In the cafeteria, Ryan gives Vahue a special tray of food. I wish it were the Schibetta kind of "special," but Ryan thanks him for winning an old bet for him, so no luck there, I guess. We see someone's leg in the foreground, and we realize that Said is lingering over Vahue like someone on a packed subway car who's somehow managed to sniff out that you're getting off at the next station. I like faking getting up when I still have several stops to go. There's nothing like incurring the wrath of your fellow man. That's why recapping is the best job in the world. Said, who to my chagrin has redonned the smirk he was wearing in the first episode, tells Vahue that his fame means nothing, except in the way that he's a role model for children. So "nothing" in the sense of something, there. Well, Vahue should understand that, given what he said about his basketball skills in the joint. Anyway, Vahue curses, and Said smirks his way off-camera. Vahue goes to the counter and asks, "Who do you have to fuck to get high?" Serendipity, thy name is Adebisi.
Poet. This really brings new meaning to the term "captive audience," don't you think? Thank you! I've got a million of them! No, that's not a threat!

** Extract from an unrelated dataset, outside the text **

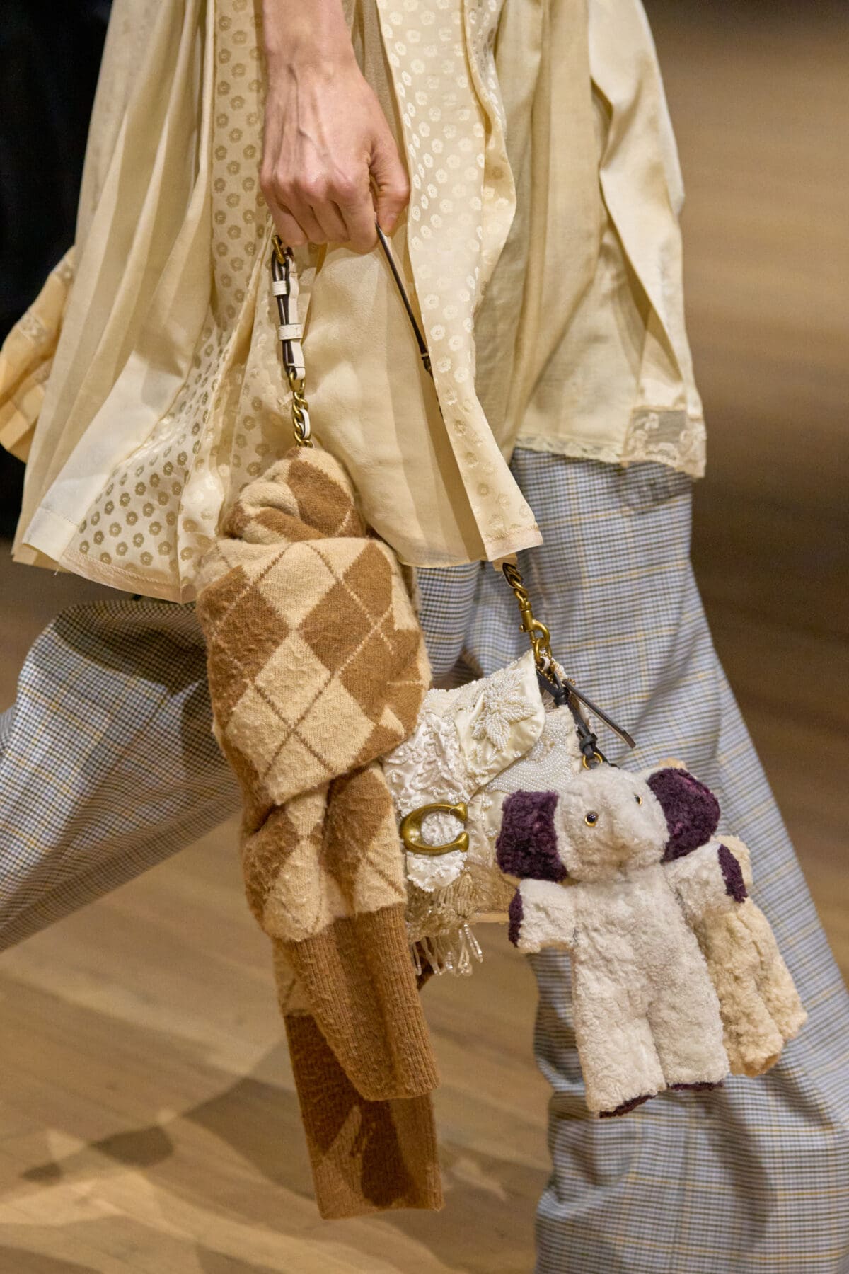 Stuart Vevers掌舵Coach十餘年,一直秉持「以誠實、實用和直接的方式來設計時尚」的目標,將社會洞察和城市文化化為設計語言,打造專屬於Coach的時尚風格。本季他將紐約的多元文化融入設計,從街頭風格到都市時裝,從反主流文化到經典優雅,系列中的作品都像是這座城市的一個剪影。模特兒們身着Oversized大衣、手工壓制的皮革單品,以及充滿故事感的配飾,彷彿在紐約的街頭穿梭,將這座城市的複雜氣質淋漓盡致地展現出來。

Hill is passing when Vahue calls to him from under the stairs and invites him to a little nose party with Wangler and Adebisi. Hill tells him he's been clean for two years, but under pressure from his idol, he starts sniffing like a pig in a forest filled with truffles. Good role model, there. This leads to a high-color dream sequence, wherein, in the gym, Hill gets out of his wheelchair and starts schooling Vahue one-on-one. Back under the stairs, Adebisi laughs that the drugs were up Wangler's ass, but I went into that in depth (heh) in my last recap, so let's just keep things moving, shall we?